▶ **WHAT YOU NEED TO DO**
This task calls for the complete listing below, reproduced exactly.

*** SOURCE MATERIAL Section Begins ***

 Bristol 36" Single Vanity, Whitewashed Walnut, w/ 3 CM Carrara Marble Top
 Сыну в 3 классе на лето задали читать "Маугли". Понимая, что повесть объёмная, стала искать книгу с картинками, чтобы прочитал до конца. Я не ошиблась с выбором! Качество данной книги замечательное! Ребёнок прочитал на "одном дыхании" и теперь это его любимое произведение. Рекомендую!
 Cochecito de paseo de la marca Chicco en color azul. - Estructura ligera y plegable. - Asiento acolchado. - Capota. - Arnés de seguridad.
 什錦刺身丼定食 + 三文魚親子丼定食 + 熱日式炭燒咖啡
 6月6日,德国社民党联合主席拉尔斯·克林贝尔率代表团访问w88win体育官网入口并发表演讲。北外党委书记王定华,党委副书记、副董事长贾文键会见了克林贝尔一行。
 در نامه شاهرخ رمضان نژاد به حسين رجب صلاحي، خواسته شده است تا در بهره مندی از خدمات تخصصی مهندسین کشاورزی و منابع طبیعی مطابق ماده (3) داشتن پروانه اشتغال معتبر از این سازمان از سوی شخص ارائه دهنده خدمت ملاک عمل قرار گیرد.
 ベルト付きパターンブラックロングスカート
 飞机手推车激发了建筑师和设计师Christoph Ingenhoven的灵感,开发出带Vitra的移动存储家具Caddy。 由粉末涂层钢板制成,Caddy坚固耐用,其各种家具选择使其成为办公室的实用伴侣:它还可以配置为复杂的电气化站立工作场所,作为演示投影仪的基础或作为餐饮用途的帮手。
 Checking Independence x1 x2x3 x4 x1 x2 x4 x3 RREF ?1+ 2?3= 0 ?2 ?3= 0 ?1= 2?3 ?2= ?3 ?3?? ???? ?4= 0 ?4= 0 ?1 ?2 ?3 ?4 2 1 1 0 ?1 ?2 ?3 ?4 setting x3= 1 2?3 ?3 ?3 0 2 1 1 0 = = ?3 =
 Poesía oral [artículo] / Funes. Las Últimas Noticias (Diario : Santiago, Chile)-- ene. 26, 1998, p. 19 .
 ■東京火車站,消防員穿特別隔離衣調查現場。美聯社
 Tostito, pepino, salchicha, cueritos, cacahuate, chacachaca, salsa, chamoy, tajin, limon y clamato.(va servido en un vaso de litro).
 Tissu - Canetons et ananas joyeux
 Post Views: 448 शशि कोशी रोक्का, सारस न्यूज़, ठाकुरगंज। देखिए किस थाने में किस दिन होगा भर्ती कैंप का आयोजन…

*** SOURCE MATERIAL Section Ends ***

▶ **ANSWER TO THIS EXERCISE**
 Bristol 36" Single Vanity, Whitewashed Walnut, w/ 3 CM Carrara Marble Top
 Сыну в 3 классе на лето задали читать "Маугли". Понимая, что повесть объёмная, стала искать книгу с картинками, чтобы прочитал до конца. Я не ошиблась с выбором! Качество данной книги замечательное! Ребёнок прочитал на "одном дыхании" и теперь это его любимое произведение. Рекомендую!
 Cochecito de paseo de la marca Chicco en color azul. - Estructura ligera y plegable. - Asiento acolchado. - Capota. - Arnés de seguridad.
 什錦刺身丼定食 + 三文魚親子丼定食 + 熱日式炭燒咖啡
 6月6日,德国社民党联合主席拉尔斯·克林贝尔率代表团访问w88win体育官网入口并发表演讲。北外党委书记王定华,党委副书记、副董事长贾文键会见了克林贝尔一行。
 در نامه شاهرخ رمضان نژاد به حسين رجب صلاحي، خواسته شده است تا در بهره مندی از خدمات تخصصی مهندسین کشاورزی و منابع طبیعی مطابق ماده (3) داشتن پروانه اشتغال معتبر از این سازمان از سوی شخص ارائه دهنده خدمت ملاک عمل قرار گیرد.
 ベルト付きパターンブラックロングスカート
 飞机手推车激发了建筑师和设计师Christoph Ingenhoven的灵感,开发出带Vitra的移动存储家具Caddy。 由粉末涂层钢板制成,Caddy坚固耐用,其各种家具选择使其成为办公室的实用伴侣:它还可以配置为复杂的电气化站立工作场所,作为演示投影仪的基础或作为餐饮用途的帮手。
 Checking Independence x1 x2x3 x4 x1 x2 x4 x3 RREF ?1+ 2?3= 0 ?2 ?3= 0 ?1= 2?3 ?2= ?3 ?3?? ???? ?4= 0 ?4= 0 ?1 ?2 ?3 ?4 2 1 1 0 ?1 ?2 ?3 ?4 setting x3= 1 2?3 ?3 ?3 0 2 1 1 0 = = ?3 =
 Poesía oral [artículo] / Funes. Las Últimas Noticias (Diario : Santiago, Chile)-- ene. 26, 1998, p. 19 .
 ■東京火車站,消防員穿特別隔離衣調查現場。美聯社
 Tostito, pepino, salchicha, cueritos, cacahuate, chacachaca, salsa, chamoy, tajin, limon y clamato.(va servido en un vaso de litro).
 Tissu - Canetons et ananas joyeux
 Post Views: 448 शशि कोशी रोक्का, सारस न्यूज़, ठाकुरगंज। देखिए किस थाने में किस दिन होगा भर्ती कैंप का आयोजन…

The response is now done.